Two closed vessel A and B of equal volume containing air at pressure P1 and temperature T1 are connected to each other through a narrow open tube.If the temperature of one is now maintained(where T1>T2) then that what will be the final pressure of air
To determine the final pressure of air in the connected vessels, we can apply the principles of Boyle's Law and Dalton's Law of Partial Pressures.
1. Boyle's Law states that at a constant temperature, the product of pressure and volume is constant. This means that if we have two vessels of equal volume connected, the total volume will remain the same throughout the process.
2. Dalton's Law of Partial Pressures states that in a mixture of gases, the total pressure is equal to the sum of the partial pressures of each gas. In this case, we have only one gas, which is air.
Now let's go step-by-step to find the final pressure of air:
Step 1: Understand the given data:
- Vessel A and B have equal volume.
- Vessel A is initially at pressure P1 and temperature T1.
- Vessel B is initially at an unknown pressure P2 and temperature T2.
- The temperature of vessel A is maintained at T1.

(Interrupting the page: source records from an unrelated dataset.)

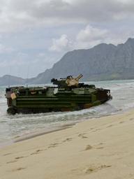| Keywords: bellows air force base bellowsairforcebase hawaii usa outdoor landscape seaside shore An Amphibious Assualt Vehicle, with Battalion Landing Team, 15th Marine Expeditionary Unit, conduct an amphibious landing demonstration at Marine Corps Training Area Bellows, Hawaii May 19, 2015. The landing is part of Culebra Koa 15, an on-going joint sea-basing exercise taking place in Hawaii during the MARFORPAC-hosted U.S. Pacific Command Amphibious Leaders Symposium (PALS). PALS is designed to bring together senior leaders of allies and partners Marine Corps, naval infantries, and militaries spanning the Indo-Asia-Pacific region with interest in military amphibious capability development. This year, 22 nations sent representatives to observe the training. (U.S. Marine Corps photo by Cpl.Hilda Becerra) An Amphibious Assualt Vehicle, with Battalion Landing Team, 15th Marine Expeditionary Unit, conduct an amphibious landing demonstration at Marine Corps Training Area Bellows, Hawaii May 19, 2015. The landing is part of Culebra Koa 15, an on-going joint sea-basing exercise taking place in Hawaii during the MARFORPAC-hosted U.S. Pacific Command Amphibious Leaders Symposium (PALS). PALS is designed to bring together senior leaders of allies and partners Marine Corps, naval infantries, and militaries spanning the Indo-Asia-Pacific region with interest in military amphibious capability development. This year, 22 nations sent representatives to observe the training. (U.S. Marine Corps photo by Cpl.Hilda Becerra) |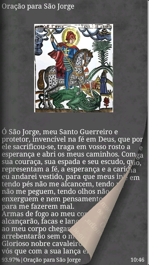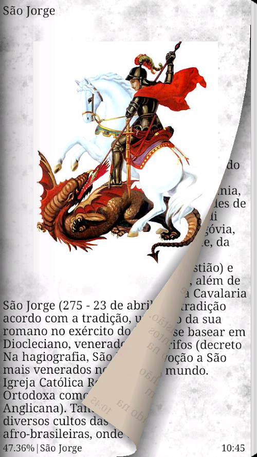 São Jorge foi um valente soldado romano, no exército do imperador Diocleciano, no século IV. Imortalizado no conto em que mata o dragão, venceu contra santanás terríveis batalhas. Atualmente é venerado em todo o mundo, como mártir na Igreja católica e em diversos cultos das religiões afro-brasileira. É o santo padroeiro da Inglaterra, Portugal, Geórgia, Catalunha, Lituânia, Moscou e extra-oficialmente da Cidade do Rio de Janeiro.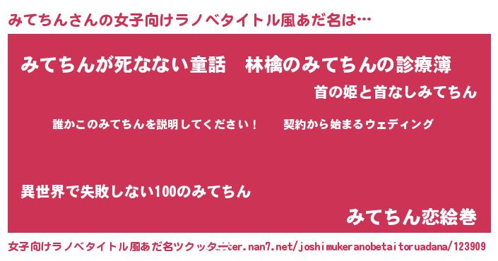 | 男性向けラノベタイトル風あだ名 | 『ミテチンアートオンライン』 |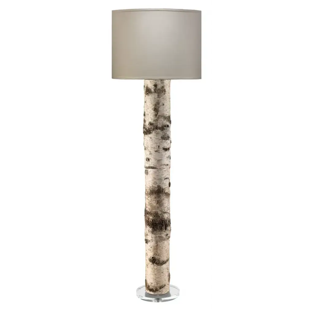 The Amish Rustic Hickory Lamp features hickory posts with the bark intact, providing a rustic look.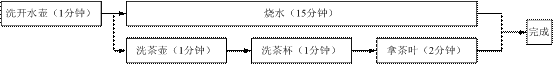 【例1】妈妈给客人沏茶,洗开水壶需要1分钟,烧水需要15分钟,洗茶壶需要1分钟,洗茶杯需要1分钟,拿茶叶需要2分钟,依照最合理的安排,要几分钟就能沏好茶?【2009年山西省公务员考试行政职业能力测验真题-105题】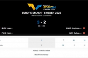 体育资讯8月22日讯 WTT欧洲大满贯瑞典站男双1/4决赛,中国组合梁靖崑/温瑞博以2-3的大比分不敌新加坡组合郭勇/冯耀恩,无缘四强。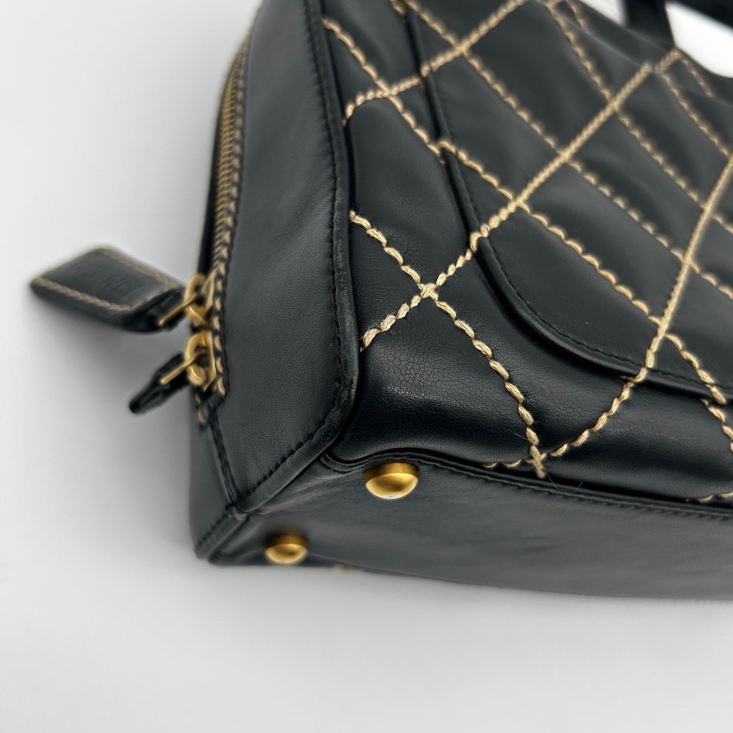 This CHANEL bowling-style top handle bag is in excellent pre-owned condition.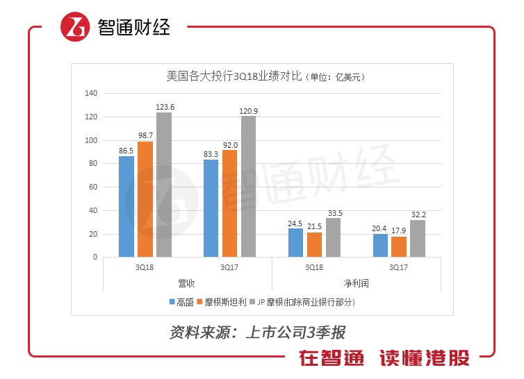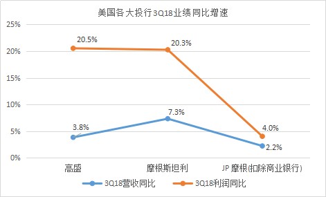 三家投行的3Q18營收增速在所有上市公司中排名靠后,從營收和利潤的同比增速來看,JP摩根都是排名墊底,高盛和“大摩”的利潤增速都超過20%,大大超過利潤增速。

Step 2: Apply Boyle's Law:
Since the volume of vessels A and B is equal, and vessel A's temperature is maintained at T1, we can use Boyle's Law to relate the initial pressure of vessel A, P1, to the final pressure of the connected vessels, which we'll call Pf:
P1 * V = Pf * V
V is the common volume and can be canceled out on both sides of the equation:
P1 = Pf
Step 3: Apply Dalton's Law of Partial Pressures:
According to Dalton's Law, the total pressure in the connected vessels will be the sum of the partial pressures of each vessel. Since vessel A's pressure remains unchanged, the final pressure in the connected vessels will be:
Pf = P1 + P2
Putting it all together, we can conclude that the final pressure of air in the connected vessels is:
Pf = P1 + P2
However, without knowing the initial pressure P2 or any other relevant information, we cannot determine the final pressure of air accurately.